David Parisi – Archaeologies of Touch, Interfacing with Haptics from Electricity to Computing


University of Minnesota Press, ISBN-13: 978-1-5179-0059-5, English, 472 pages, 2018, USA

Our senses have been through the most drastic redefinition of their functioning since the introduction of electricity. Touch, indeed, has an historical fame of being excluded from the early phases of this redefinition (which has continued through further phases, namely induced by electronics, networks and mobile media). Parisi proves it wrong, contesting the ‘novelty’ of haptics, especially after their global use in smartphones, with some profound research. This is focused mainly on the creation of objects and machines, creating a lineage of ideas and techniques about touch progressing over three centuries.
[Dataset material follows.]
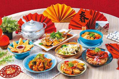 宏匯廣場集結館內多間人氣餐飲,將繁複手路菜化作便利的外帶年菜,小家庭推薦「炒湘湘經典年菜組合」,推薦價2988元,包含胡椒豬肚雞煲湯、剁椒蒸魚、鮮悶絲瓜鮑魚仔等6菜1湯1甜品,2月1日前預購送品牌紅包袋、保溫環保提袋。川味料理「開飯川食堂外帶年菜組合」推薦價7288元,祭出超澎派套餐,包含御品花膠雞佛跳牆、鮮蔘珍珠鮑魚雞及蒲燒鰻米糕等頂級食材,滿足各年齡層的胃口。

Here we can learn and observe, through a number of unique documentary pictures, the series of attempts to transform touch through technology, and its accompanying enthusiasms and failures. One chapter is particularly insightful: in “Tongue of the Skin” the authors talks about the historical attempts to train people to communicate through touch using patterns and symbols. Which has been sublimated when touch has been called into action as the ultimate involved sense in digital interfaces. His enquiry into Apple Watch’s Taptic Engine, for example, reflects the current industrial flattening “black-boxed” standardisation of touch measurement. This is a remarkable book, solidly documented and will potentially enlighten a vast number of people working with cultural and social technologies.